● **Directions**: Nothing but the lines from the one containing "Сегодня сдали кухню" through the end of the data below should appear in the answer, each exact and free of pictures.

● **Dataset content**:
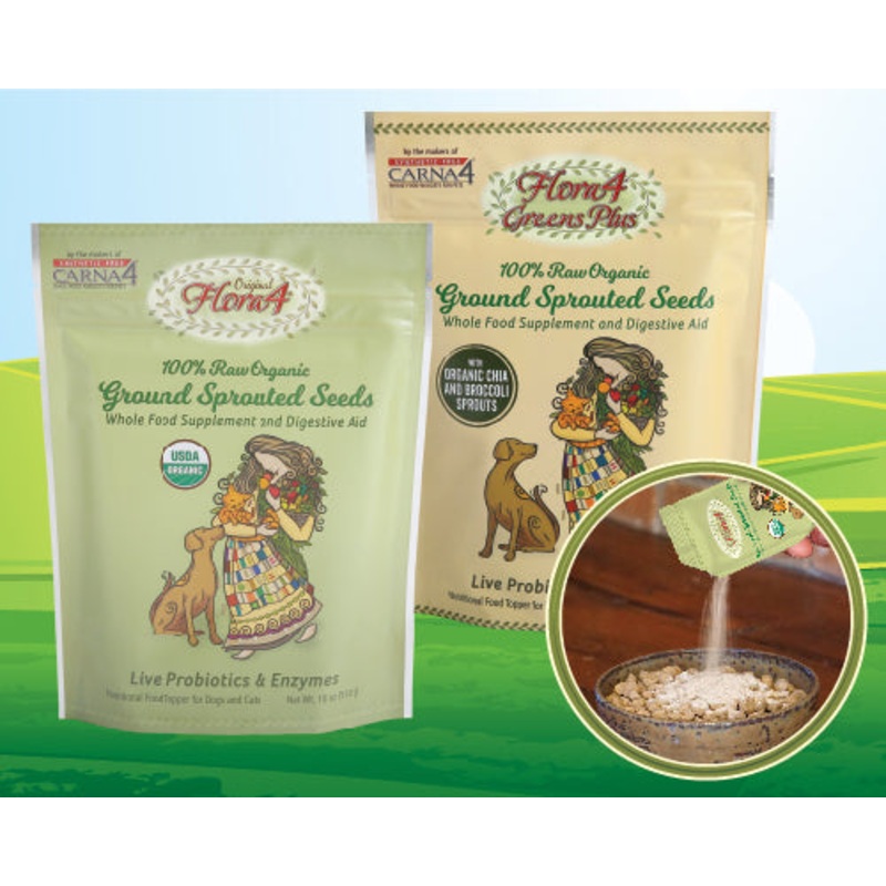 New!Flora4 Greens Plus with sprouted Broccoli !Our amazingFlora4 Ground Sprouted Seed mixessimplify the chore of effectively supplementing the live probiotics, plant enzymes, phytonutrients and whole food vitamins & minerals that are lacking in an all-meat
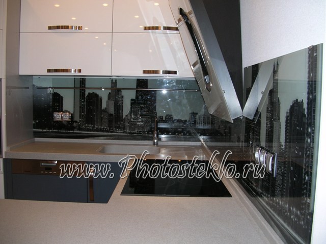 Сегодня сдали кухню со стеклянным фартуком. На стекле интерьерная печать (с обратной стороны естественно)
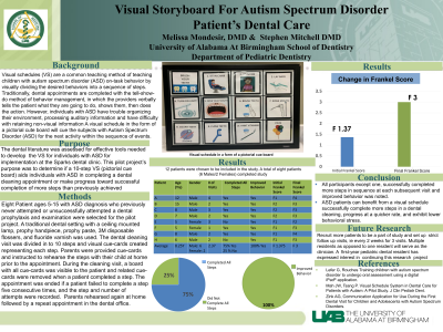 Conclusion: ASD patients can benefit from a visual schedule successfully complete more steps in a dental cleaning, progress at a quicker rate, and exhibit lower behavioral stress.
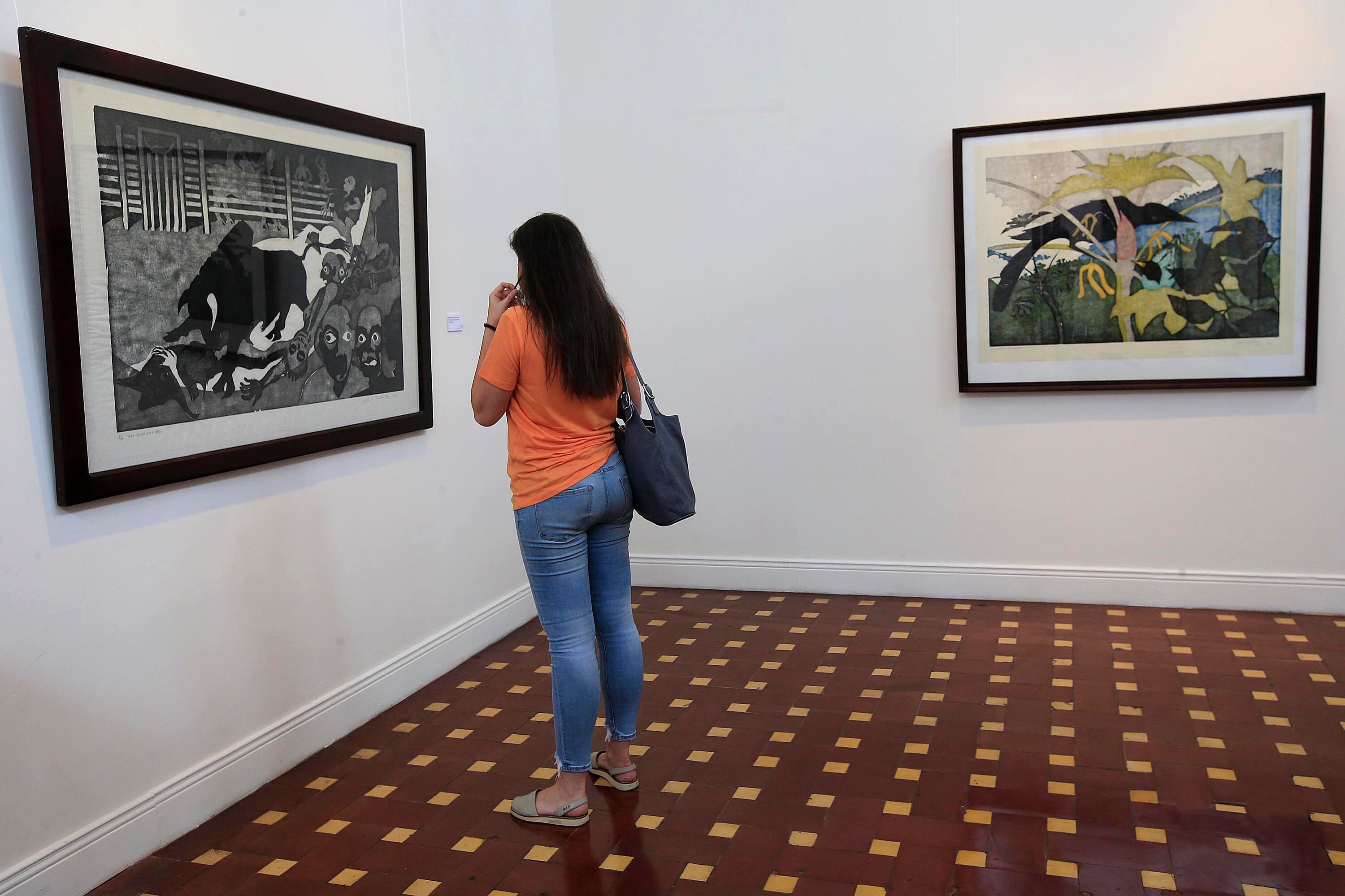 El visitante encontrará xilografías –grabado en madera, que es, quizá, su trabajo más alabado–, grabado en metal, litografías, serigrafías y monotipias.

● **Answer to this task**:
 Сегодня сдали кухню со стеклянным фартуком. На стекле интерьерная печать (с обратной стороны естественно)
 Conclusion: ASD patients can benefit from a visual schedule successfully complete more steps in a dental cleaning, progress at a quicker rate, and exhibit lower behavioral stress.
 El visitante encontrará xilografías –grabado en madera, que es, quizá, su trabajo más alabado–, grabado en metal, litografías, serigrafías y monotipias.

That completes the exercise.